RECORDS FOR PROCESSING —
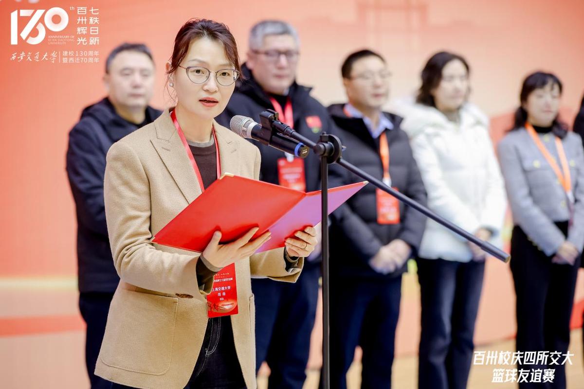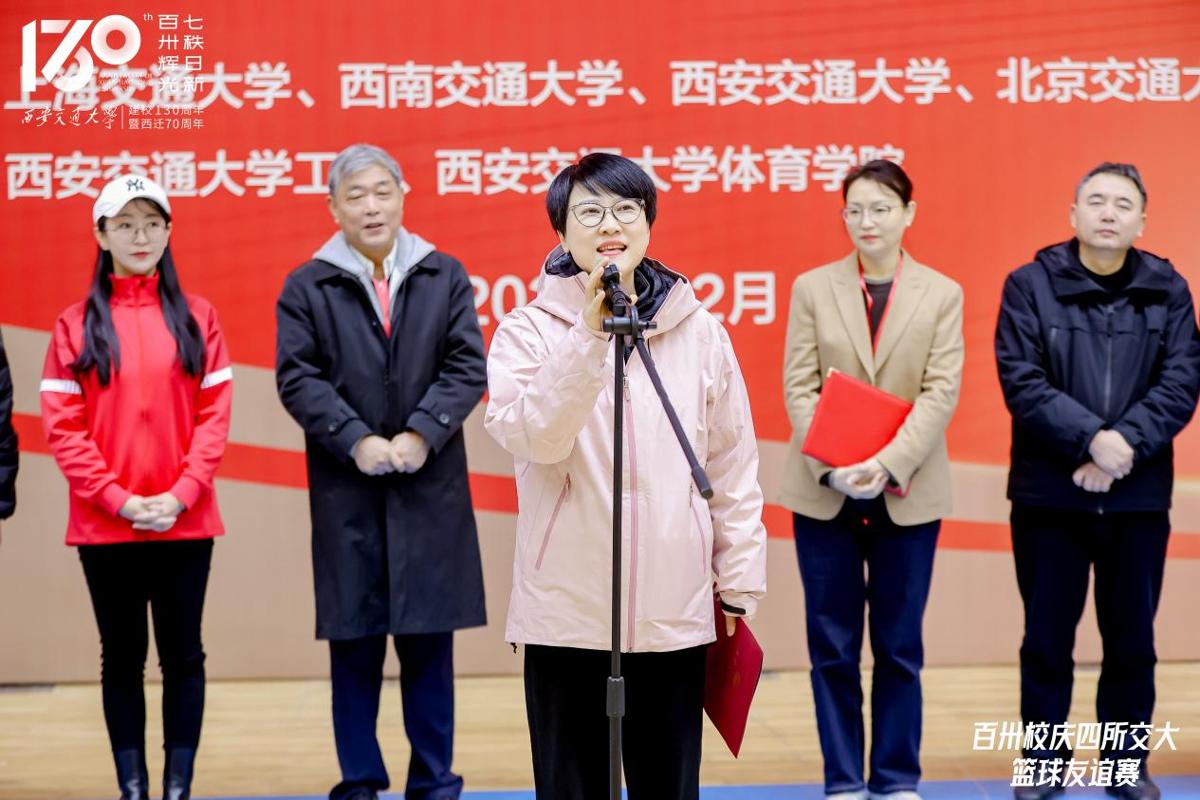 开幕式上,王欢代表西安交通大学向参加比赛的各兄弟高校老师、同学和校友们致以热情欢迎。她表示,本次篮球赛是四校共庆百卅华诞的首场体育比赛活动,希望以本次比赛为契机,进一步促进四校体育文化交流,打造交通大学师生校友文体交流的亮丽名片,进一步凝聚“交大一家人”的情感纽带,共同守护交大文化根脉,将弘扬拼搏奋进的体育精神融入服务国家、奉献社会中,共同携手为强国建设、民族复兴贡献交大智慧与力量。
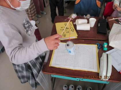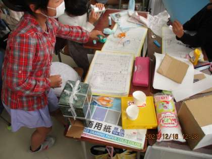 2年生の生活科では身の回りの物を使っておもちゃ作りをしました。楽器を作ったり、けん玉、コマ、くじ箱、、、。しかし、生活科です。立派な学習ですので「学習のめあて」があります。おもちゃ作りの工夫も考えます。子どもたちは、楽しく活動できました。楽しく遊んでくださいね!
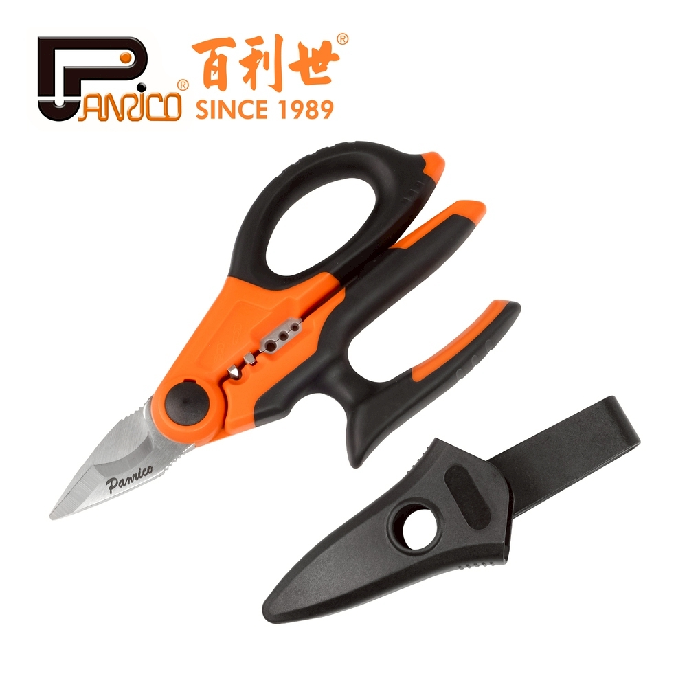 專為電工設計的專業多功能剪刀,日本不鏽鋼打造,剪切力強,能應對80mm²電纜。附專屬護套,方便腰掛攜帶。集剪線、壓接、剝線等多種功能於一身,是現場作業的理想工具!
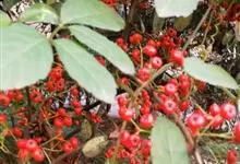 火棘 H. L. Li)是蔷薇科火棘属常绿灌木,老枝呈暗褐色;叶片呈倒卵形,边缘有钝锯齿,齿尖向内弯,两面皆无毛;叶柄短,无毛或嫩时有柔毛;花序是复伞房状,花瓣呈白色近圆形;果球近圆形,…全部>>
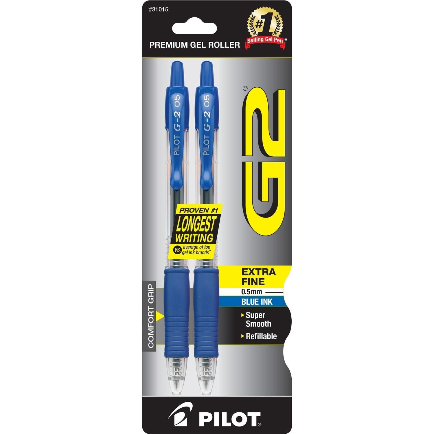 Pilot G2 Retractable Gel Ink Rollerball Pens 0.5 mm Fine Pen Point – Refillable – Retractable – Blue Ink – Gel-based – 2 / Pack (31015)
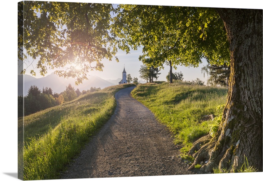<p>Europe, Slovenia. The road leading to the Church of St Primus and Felician in Jamnik at sunrise.</p>
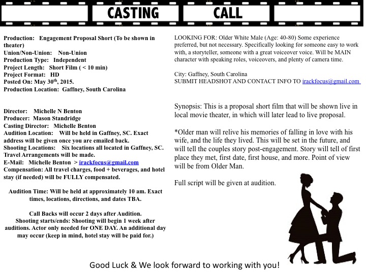 A short film about a wedding proposal is seeking an older white male actor ages 40 to 80 for the speaking, lead role. The role is paid and the project will shoot around the Gaffney, South Carolina area. The movie will be shown in a movie theater after which there will actually be a live proposal.
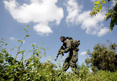 A Sri Lankan army soldier takes part in an operation to regain territory from the Tamil rebels in Jaffna, about 396 kilometers (246 miles) north of Colombo, April 6, 2008. [Agencies]
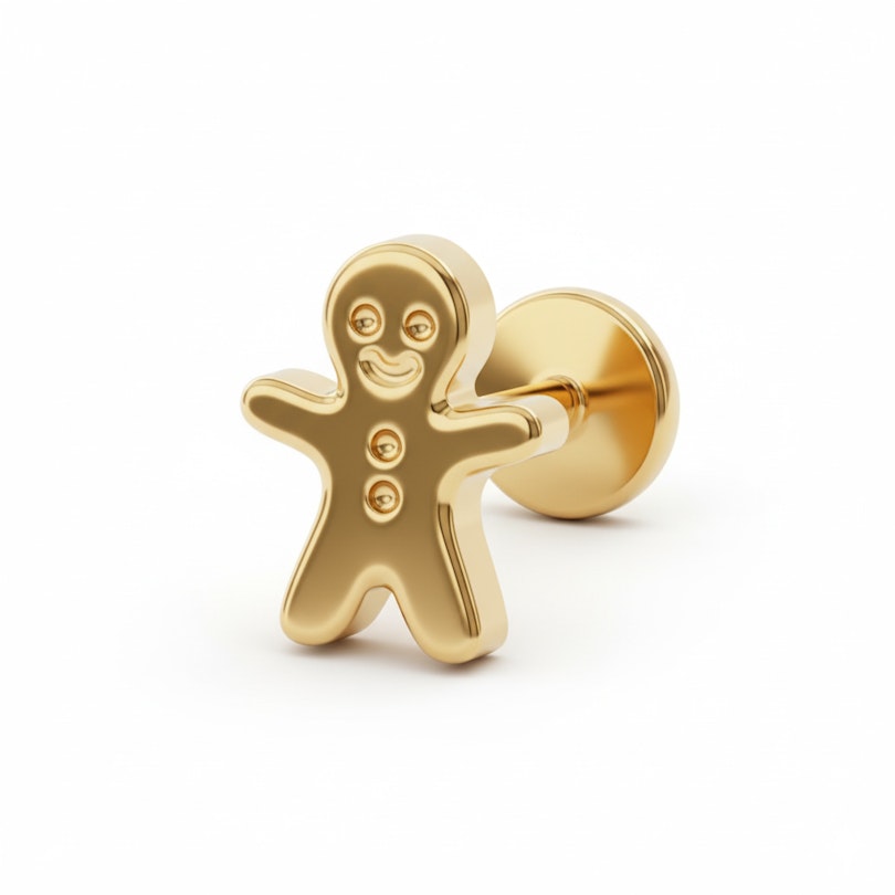 The gingerbread man labret in titanium is a playful nod to nostalgia. Shaped like the cookie everyone knows, it adds a little fun to your ear stack without taking itself too seriously.

TASK STATEMENT —
Everything in the listing should be repeated exactly except the pictures.

THE COMPLETED TASK —
 开幕式上,王欢代表西安交通大学向参加比赛的各兄弟高校老师、同学和校友们致以热情欢迎。她表示,本次篮球赛是四校共庆百卅华诞的首场体育比赛活动,希望以本次比赛为契机,进一步促进四校体育文化交流,打造交通大学师生校友文体交流的亮丽名片,进一步凝聚“交大一家人”的情感纽带,共同守护交大文化根脉,将弘扬拼搏奋进的体育精神融入服务国家、奉献社会中,共同携手为强国建设、民族复兴贡献交大智慧与力量。
 2年生の生活科では身の回りの物を使っておもちゃ作りをしました。楽器を作ったり、けん玉、コマ、くじ箱、、、。しかし、生活科です。立派な学習ですので「学習のめあて」があります。おもちゃ作りの工夫も考えます。子どもたちは、楽しく活動できました。楽しく遊んでくださいね!
 專為電工設計的專業多功能剪刀,日本不鏽鋼打造,剪切力強,能應對80mm²電纜。附專屬護套,方便腰掛攜帶。集剪線、壓接、剝線等多種功能於一身,是現場作業的理想工具!
 火棘 H. L. Li)是蔷薇科火棘属常绿灌木,老枝呈暗褐色;叶片呈倒卵形,边缘有钝锯齿,齿尖向内弯,两面皆无毛;叶柄短,无毛或嫩时有柔毛;花序是复伞房状,花瓣呈白色近圆形;果球近圆形,…全部>>
 Pilot G2 Retractable Gel Ink Rollerball Pens 0.5 mm Fine Pen Point – Refillable – Retractable – Blue Ink – Gel-based – 2 / Pack (31015)
<p>Europe, Slovenia. The road leading to the Church of St Primus and Felician in Jamnik at sunrise.</p>
 A short film about a wedding proposal is seeking an older white male actor ages 40 to 80 for the speaking, lead role. The role is paid and the project will shoot around the Gaffney, South Carolina area. The movie will be shown in a movie theater after which there will actually be a live proposal.
 A Sri Lankan army soldier takes part in an operation to regain territory from the Tamil rebels in Jaffna, about 396 kilometers (246 miles) north of Colombo, April 6, 2008. [Agencies]
 The gingerbread man labret in titanium is a playful nod to nostalgia. Shaped like the cookie everyone knows, it adds a little fun to your ear stack without taking itself too seriously.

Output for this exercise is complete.